À nos rencontres devenues fréquentes se sont ajoutés des voyages que nous avons faits ensemble, d’Istanbul à Iguazú en passant par Saint-Pétersbourg. Le premier d’entre eux, imaginé par Pierrette dans ces années-là, fut une expédition en Traction Avant pour Conques, avec son amie Mila Gagarine. Je garde un souvenir vif de ce voyage. Même si je voyais l’abbatiale d’un œil moins analytique qu’aujourd’hui, leur faire découvrir Conques m’a aidé à prendre conscience de ce qui avait pu me toucher, enfant, dans ce lieu – et me toucher au point de décider de ma vie d’artiste.

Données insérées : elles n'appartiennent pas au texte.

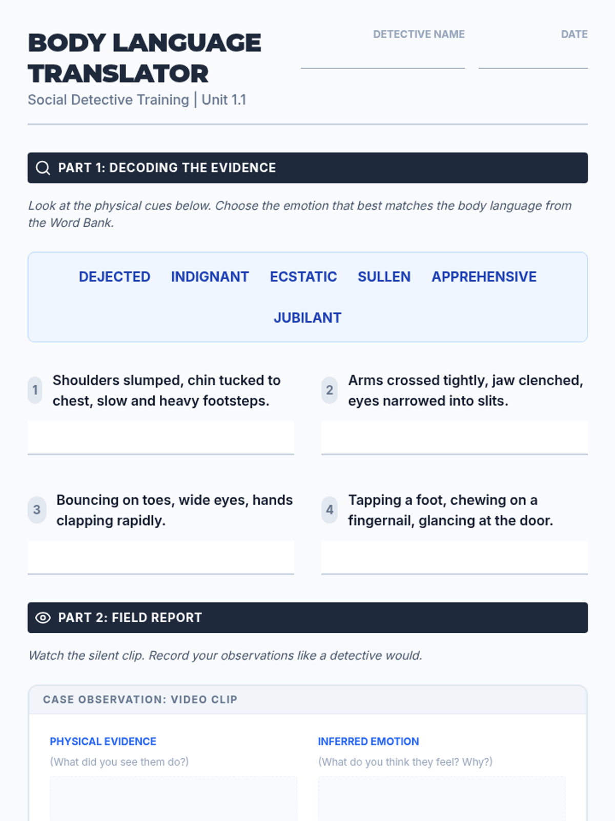 A 5-lesson sequence for 6th Grade SpEd students focusing on inferring character feelings, motivations, and changes using a 'Detective' theme. Students move from decoding physical body language to writing complex internal monologues.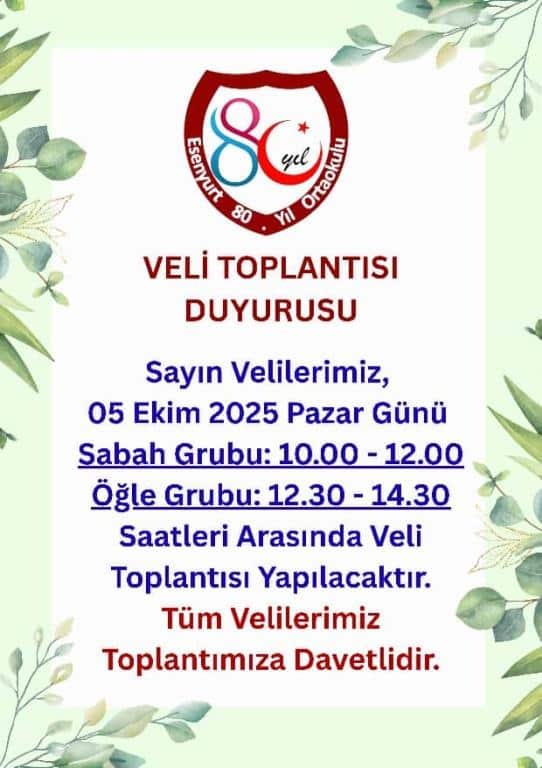 Sayın Velilerimiz 5 Ekim Pazar Günü okulumuzda veli toplantısı...

Autour de 1954, Pierrette s’est installée rue Antoine-Chantin, où elle disposait enfin de l’atelier de ses rêves. Nous étions alors, Colette et moi-même, devenus très proches d’elle – ce que nous n’avons jamais cessé d’être, jusqu’à sa disparition. On se voyait toutes les semaines et si Pierrette parlait peu, elle écoutait beaucoup, en faisant parfois, presque en s’excusant, une remarque incisive et souvent drôle. Elle était secrète, l’est toujours restée, mais pourtant confiait parfois, à Colette ou à moi, des aspects de sa vie qui devaient rester secrets. Forte à sa manière, aimant la vie, intrépide, et fidèle à ses amis comme à ses goûts et à ses engagements, toujours.

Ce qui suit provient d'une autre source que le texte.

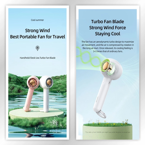Μίνι φορητός ανεμιστήρας της Usams με 2 επίπεδα ταχύτητας του αέρα, που σας επιτρέπουν την προσαρμογή της ροής της ταχύτητας του αέρα ανάλογα με τις ανάγκες σας
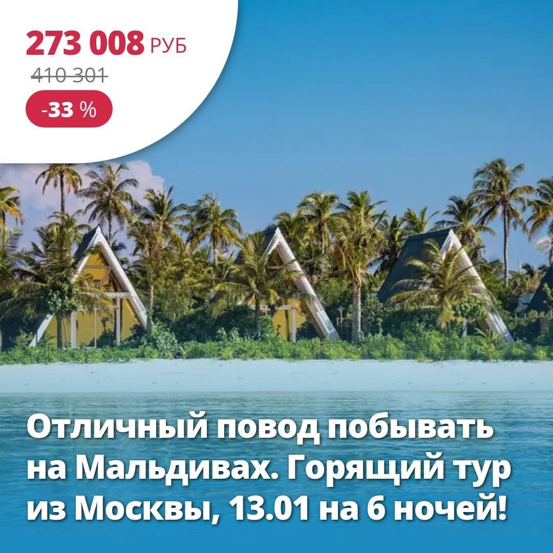 ❤ Отличный повод побывать на Мальдивах. Горящий тур из Москвы, 13.01 на 6 ночей! 🏠 5*, Мальдивы из Москвы 13 января на 6 ночей, Все Включено. OAGA ART RESORT 5* Отель на атолле Северный Мале. Виллы с собственными бассейнами, бар со множеством вкусных закусок и напитков, разнообразие спа-программ для восстановления душевного равновесия, творческие занятия, йога и медитации, фирменные блюда в ресторане. Летим в теплые края, обгоняя перелетных птиц! Подробнее здесь: https://starttime.ru/search-tours?tvcard=7q0ng2 Лучшие туры https://starttime.ru/search-tours #СтартТайм #ЛучшийТур

Pierrette a cherché par tous les moyens à échapper à ce qui pouvait l’influencer. Et c’est ce cheminement obstiné qui lui a permis de rencontrer les formes d’art qui lui correspondaient profondément, que ce soit dans les techniques classiques ou dans ses inventions les plus originales – au premier rang desquelles les lignes de crin, dont elle aimait le côté graphique, mais qui dépassaient les possibilités du papier pour devenir des sculptures d’un type inconnu. Nous avons également partagé la passion du noir, utilisé chez elle d’une façon indissociable du blanc, créant dans le papier des contrastes d’une très grande force, qui donnent au blanc une variété d’éclat sans équivalent. Dans ses dessins comme dans ses fils de crin, m’apparaît spécialement important le fait d’aboutir à une forme de continuité, de durée, avec le rapport particulier au temps qu’engendrent de telles œuvres. Il y a de l’audace dans un travail aussi élémentaire et il y a de l’audace à l’avoir poursuivi vers quelque chose que je trouve toujours plus personnel, toujours plus singulier. Si certains l’ont dite tentée par l’effacement, je vois pour ma part, dans son évolution, une intensification de son art.

De tous les peintres qui m’ont été contemporains, au-delà de l’amitié, elle est la seule dont les choix majeurs, ces choix éthiques inséparables d’une esthétique, ont été véritablement proches des miens. Sa conception de l’œuvre d’art est parente de la mienne : ni image, ni langage, sans message indirect adressé par le biais d’un titre. Avec une détermination entière et sans relâche, Pierrette Bloch a toute sa vie ouvert un chemin unique dont l’originalité et la force s’imposent maintenant à tous.